I have a song, now what? Go Social

A recent study finds that more people are going to major social media platforms (Facebook, Twitter, YouTube and the like). It says 73% go to at least one channel and 42% go to multiple ones. And not for nothin', but it also says that women use social media more than men. Food for thought...

Let’s face it. Everyone in the industry knows that if you’re serious about your music, you shouldn’t consider going social. You HAVE TO go social. Or you get ignored.

Social media allows fans to get to know YOU. Think about your music heroes. You liked their music, you wanted to know more about them, right?

What Social Media Can Do for Your Band

The Obvious: Free Publicity. Posting info about shows, new streams and other updates put the word out about your act. It’s also about your image—who you are as people. So don’t miss the opportunity to post as individuals from your band’s Twitter account, FB page and other places so your fans get to know you as human beings. Popularity is the name of the game, so personality counts.

Fan Engagement. Social media is interactive—a two-way conversation. Therefore it’s a great way to ask fans questions, get feedback from them and involve them in your creative process.

Networking. Social media channels allow you to hook up with other bands in the business to find out what’s going on; look for opportunities to open for a band more established than you to get in front of more fans.

Boosts Popularity. Social platforms like FB, Twitter, Instagram and the like point back to your site. The more traffic you get, the higher you rank on Google for new fans to find you.

Tips For the Social Savvy Musician

Remember that social media is about relationships. It’s not a billboard or marquee. It’s an opportunity to engage with your fans—to have a conversation with them. To build a relationship with each one and then build a community of loyal fans out of those individual relationships. This takes time and effort, but is so worth the time invested. Loyal fans help spread the word and sell CDs. Resist the urge to talk AT your audience, pelting them with info about your latest album or upcoming gig. Everyone has an opinion, and everyone wants to be heard. Give your fans the opportunity to do so, and you’ve won them for life.

Prepare yourself for the long haul. Social media requires commitment. Once you start, you have to keep it going, or you’ll lose momentum with the fans you create. Social media is a hungry animal that needs to be fed with fresh content on a regular basis. Be prepared to feed it—regularly and well.

Keep the conversation going. If you aren’t posting regularly, creates the impression that don’t have any gigs or releasing any new music, which is NOT what you want industry professionals to assume. Even if you’re between dates and/or projects, keep the conversation going with industry news at large or personal updates, creative musings, etc.
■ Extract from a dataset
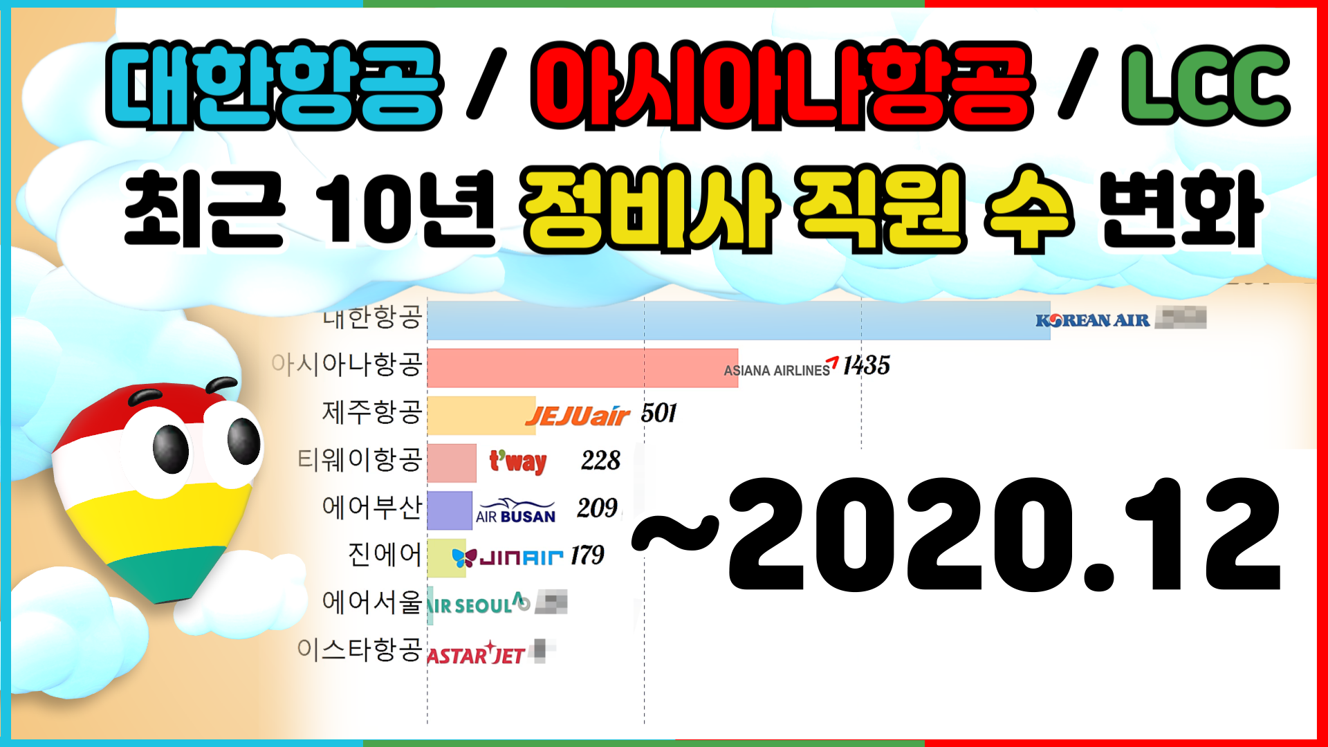 이번 포스팅에서는 최근 10년간 우리나라 국내 항공사 8개의 정비사 직원수 변화 현황에 대해 보여드리겠습니다.

Make it easy. Make sure every channel you're on has an icon on your home page that’s hooked up to the platforms. At live gigs, remind fans to visit you online both verbally and on promo materials. Encourage them to tweet live and post pics on Instagram in real time from your concerts.
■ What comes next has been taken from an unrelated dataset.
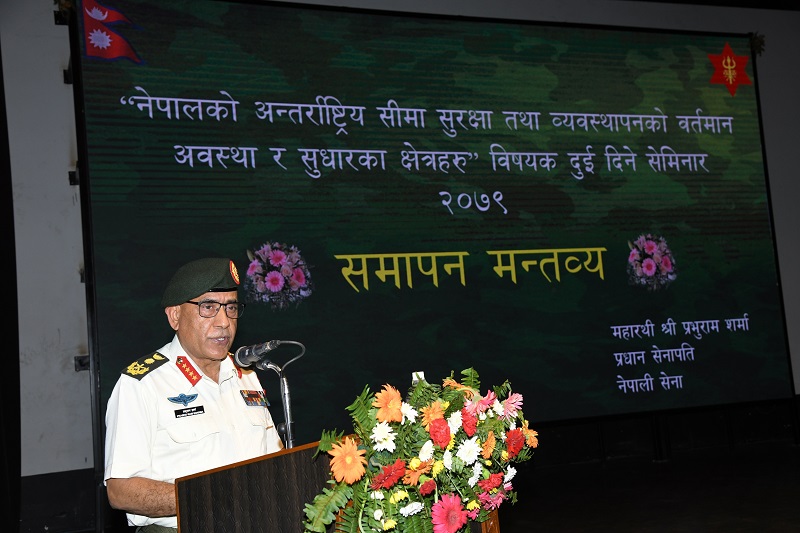 सेनाले गरेको नेपालको अन्तर्राष्ट्रिय सीमा सुरक्षा तथा व्यवस्थापनको वर्तमान अवस्था र सुरक्षाका क्षेत्रहरु विषयक दुई दिने सेमिनारको हिजो समापन गर्दै प्रधानसेनापति शर्माले सीमा क्षेत्रमा चुनौती बढ्दै गएकाले सबैले चनाखो भएर काम गर्नुपर्ने बताउनुभएको हो ।

Be responsive. Ignore your followers and you’ll lose them. So make sure you check your messages and acknowledge posts and direct messages quickly.
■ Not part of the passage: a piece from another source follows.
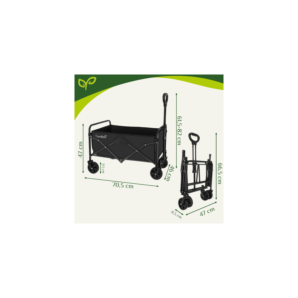 Rozměr: kolo 11,5 cm, výška rukojeti 61,5 - 82 cm, rozložený vozík 70,5 x 47 x 46 cm, složený vozík 66,5 x 47 x 11,5 cm

Reward/Recognize loyalty. Give shout outs to loyal fans who post regularly, attend your shows and/or buy t-shirts. Hosting a contest can’t hurt, either.

Blog. Social media real estate is limited. Posting gets the word out, blogging gets the story out. If you have more to say about what’s going on with your band, the industry and your shows, blogging is the way to go. It’s a great way to generate new buzz about you on the social media scene. Announce your new blog entry on your social media channels and everyone has more to talk about. And they’re likely to go to your website to find out more about you and your music. Plus, blogs point back to your website, growing search engine love.

Be discriminating. Social media sites are seductive. Facebook, Twitter and YouTube are the basics. Beyond that, stick to additional sites that relate to your image, i.e. if you’re going for mystery, Tumblr is a good choice. If you’re about visuals, add Pinterest to your portfolio. But do your homework and be selective so you generate quality over quantity.

Don’t be Kanye. Resist the urge to use other people’s blogs, profiles and posts to promote your latest song, CD or upcoming gig. It’s like Kanye West taking the mic from Taylor Swift at the VMA’s. Simply not cool.

Great social media sites for musicians to check out:

Social media is about people, not product. So treat it as such. Engage with your fans, build your fan base, nurture it and build a community of loyal ambassadors promoting your music. And if you need help, ask.